*** Opening of Given information ***

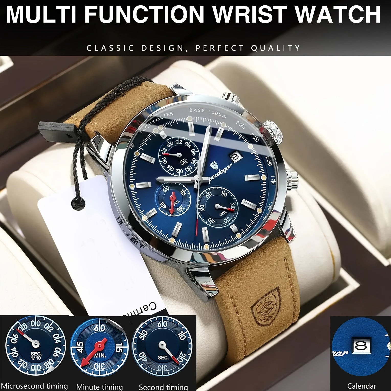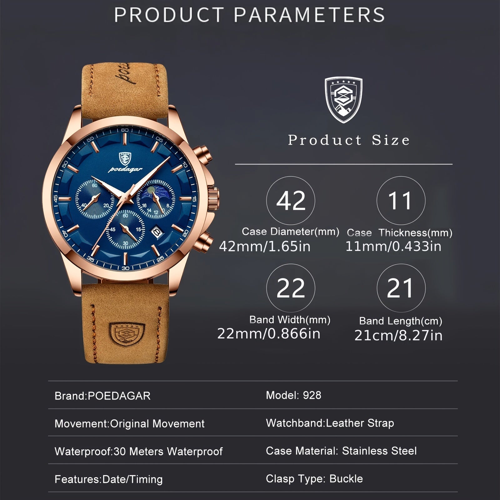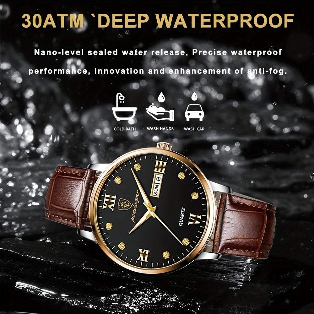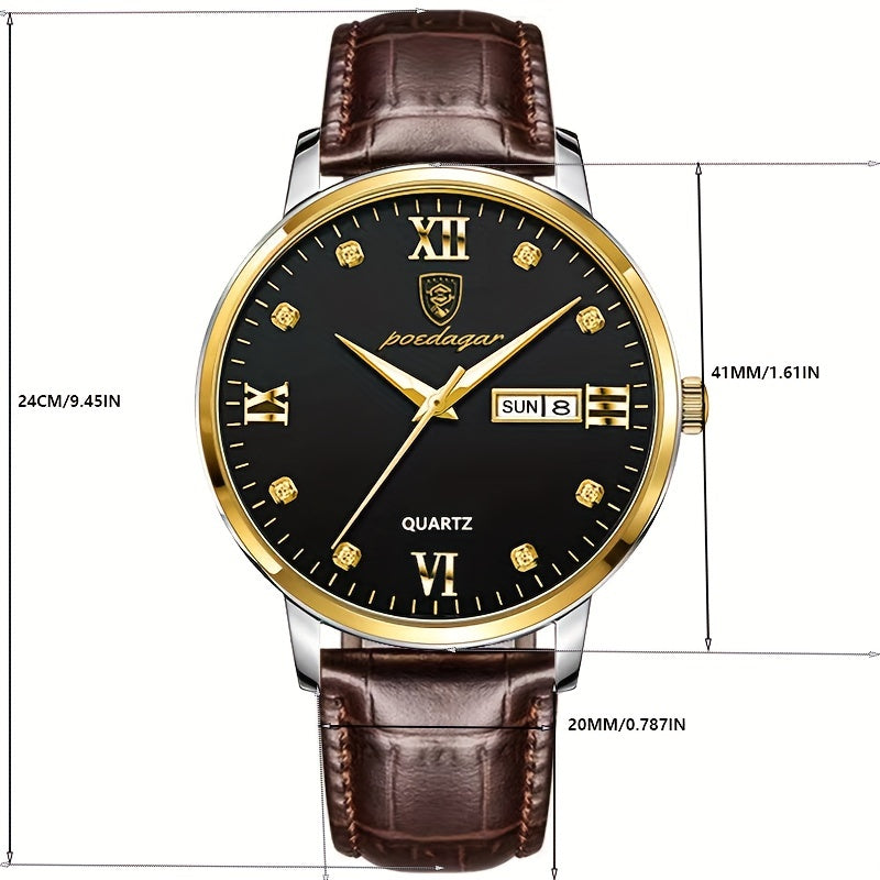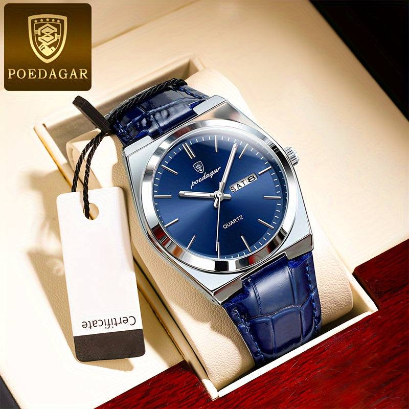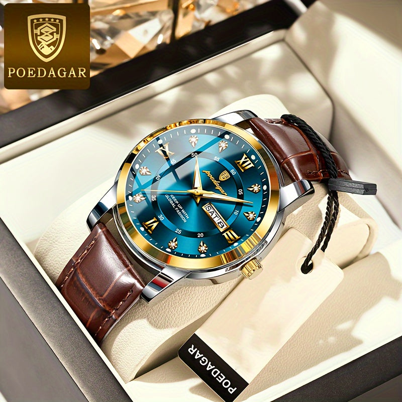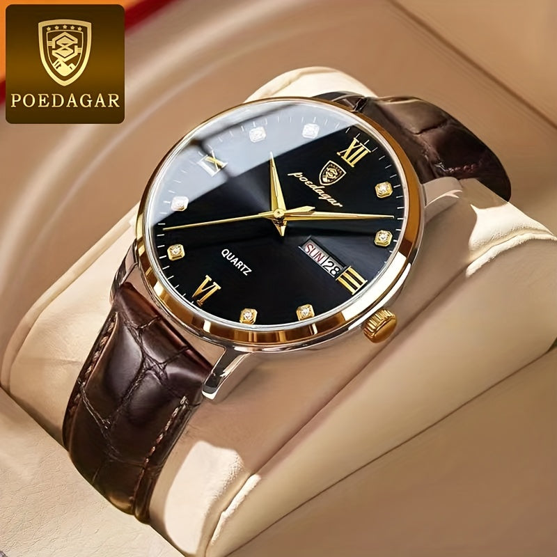 POEDAGAR ساعة مقاومة للماء للرجال، ساعة كوارتز أنيقة للرجال، اختيار مثالي للهدايا
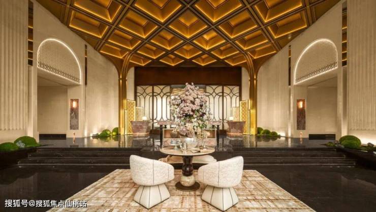 门庭,是恭迎八方来宾的第一空间。项目以非凡尺度,铺陈一场奢华的迎宾仪式——抵达之时,约51米恢弘跨度的「金风玉廊」率先映入眼帘,20根7米香槟金立柱巍峨耸立,尽显气度与庄重。
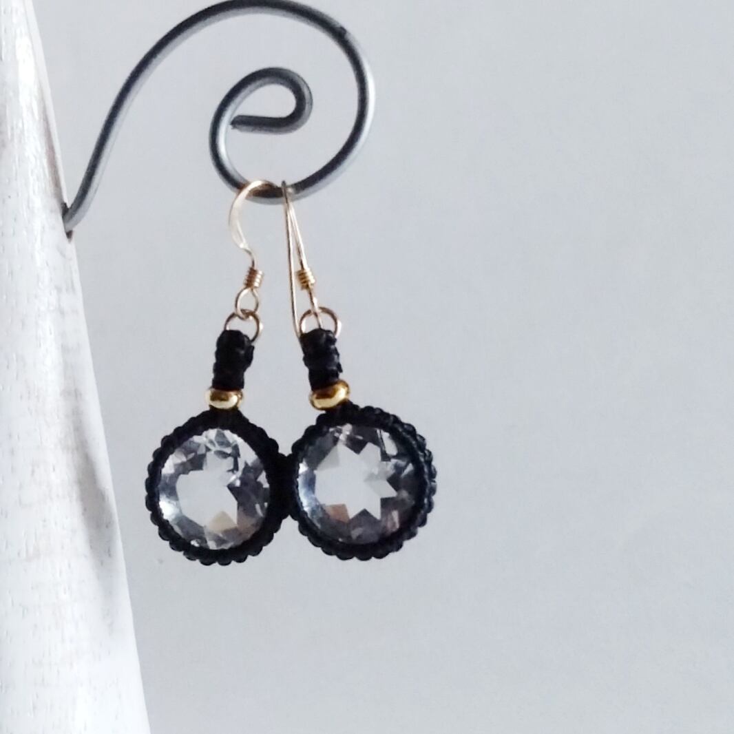 #マクラメ #イヤリング #ピアス #水晶 #キラキラ #ファセットカット #天然石 #通販

*** Close of Given information ***

Output the listing above in full, exactly. No images.

• Response area
 POEDAGAR ساعة مقاومة للماء للرجال، ساعة كوارتز أنيقة للرجال، اختيار مثالي للهدايا
 门庭,是恭迎八方来宾的第一空间。项目以非凡尺度,铺陈一场奢华的迎宾仪式——抵达之时,约51米恢弘跨度的「金风玉廊」率先映入眼帘,20根7米香槟金立柱巍峨耸立,尽显气度与庄重。
 #マクラメ #イヤリング #ピアス #水晶 #キラキラ #ファセットカット #天然石 #通販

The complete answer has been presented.